··· RECORDED INFORMATION

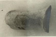 | Description: | Arched, rising, broken at curve, neck not preserved. Typical clay; red core very distinct. Impression nearly worn away; traces of rose and one or two letters. | |
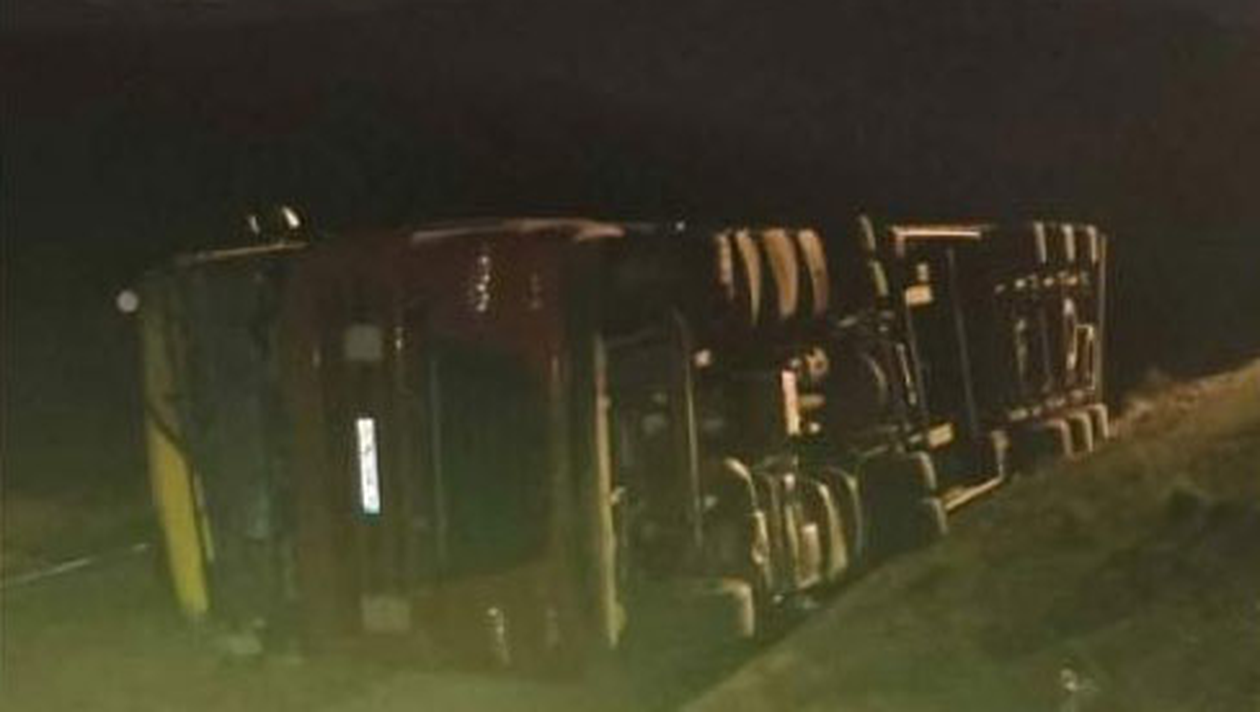 Un şofer de TIR beat a răsturnat camionul plin cu diluanţi, la Cluj, pe centura Apahida. O tonă de substanţă inflamabilă a ajuns pe şosea, dar, din fericire, nu a luat foc. Există risc de poluare.
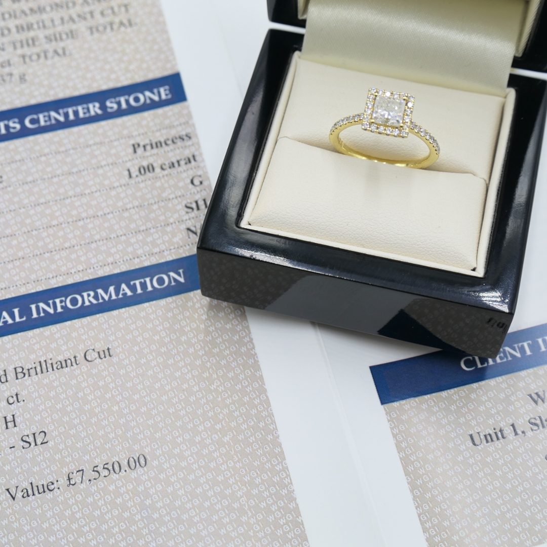 A brand-new, unused, certified natural diamond solitaire engagement ring, this breathtaking piece captures elegance and romance in perfect harmony. At its centre rests a dazzling 1.00-carat princess-cut diamond, graded G in colour and SI1 in clarity, radiating exceptional brilliance and fire. Surrounding the centre stone is a glittering halo of brilliant-cut diamonds, with additional diamonds adorning the shoulders for a seamless flow of sparkle and sophistication. These accent stones total 0.39 carats, graded G–H in colour and SI1–SI2 in clarity, beautifully enhancing the central diamond's allure.
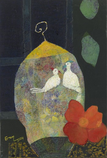 깜깜한 밤 창가에 새장이 하나 있습니다. 그 안엔 예쁜 새 한 쌍이 있네요. 갇혀있음에도 불구하고 그들이 가여워 보이지 않는 것은 서로 무척 사랑하고 의지하는 것처럼 느껴지기 때문이 아닐까요? 그들의 충만한 사랑을 새장 속 가득 꽃으로 표현해 보았습니다
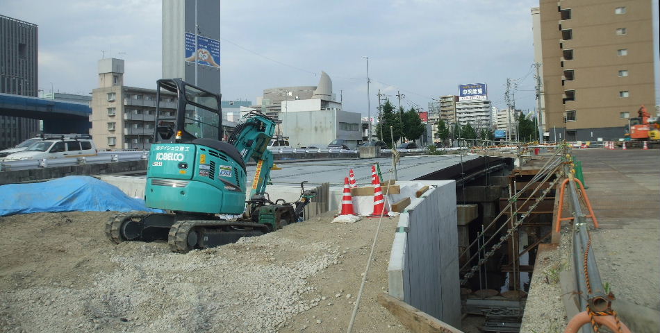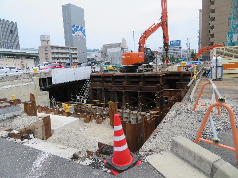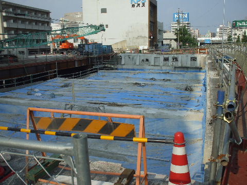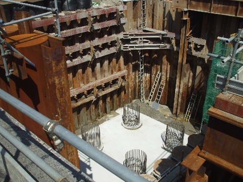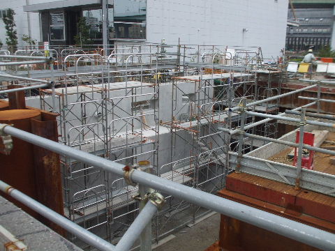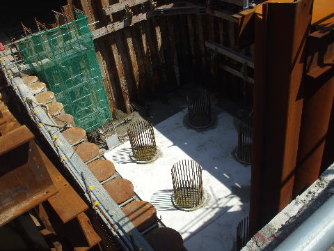 | 2015年8月15日。東行き車線橋台基礎出来る。西側。 |
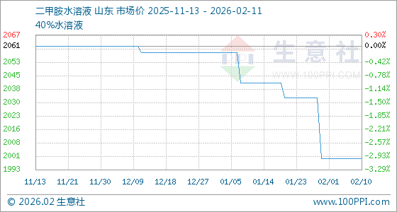 2月11日,生意社二甲胺水溶液基准价为2000.00元/吨,与本月初持平。

······

- [WHAT THIS TASK INVOLVES]
Quote each record exactly as it stands, minus the pictures.

- [OUTPUT OF THE TASK]
 | Description: | Arched, rising, broken at curve, neck not preserved. Typical clay; red core very distinct. Impression nearly worn away; traces of rose and one or two letters. | |
 Un şofer de TIR beat a răsturnat camionul plin cu diluanţi, la Cluj, pe centura Apahida. O tonă de substanţă inflamabilă a ajuns pe şosea, dar, din fericire, nu a luat foc. Există risc de poluare.
 A brand-new, unused, certified natural diamond solitaire engagement ring, this breathtaking piece captures elegance and romance in perfect harmony. At its centre rests a dazzling 1.00-carat princess-cut diamond, graded G in colour and SI1 in clarity, radiating exceptional brilliance and fire. Surrounding the centre stone is a glittering halo of brilliant-cut diamonds, with additional diamonds adorning the shoulders for a seamless flow of sparkle and sophistication. These accent stones total 0.39 carats, graded G–H in colour and SI1–SI2 in clarity, beautifully enhancing the central diamond's allure.
 깜깜한 밤 창가에 새장이 하나 있습니다. 그 안엔 예쁜 새 한 쌍이 있네요. 갇혀있음에도 불구하고 그들이 가여워 보이지 않는 것은 서로 무척 사랑하고 의지하는 것처럼 느껴지기 때문이 아닐까요? 그들의 충만한 사랑을 새장 속 가득 꽃으로 표현해 보았습니다
 | 2015年8月15日。東行き車線橋台基礎出来る。西側。 |
 2月11日,生意社二甲胺水溶液基准价为2000.00元/吨,与本月初持平。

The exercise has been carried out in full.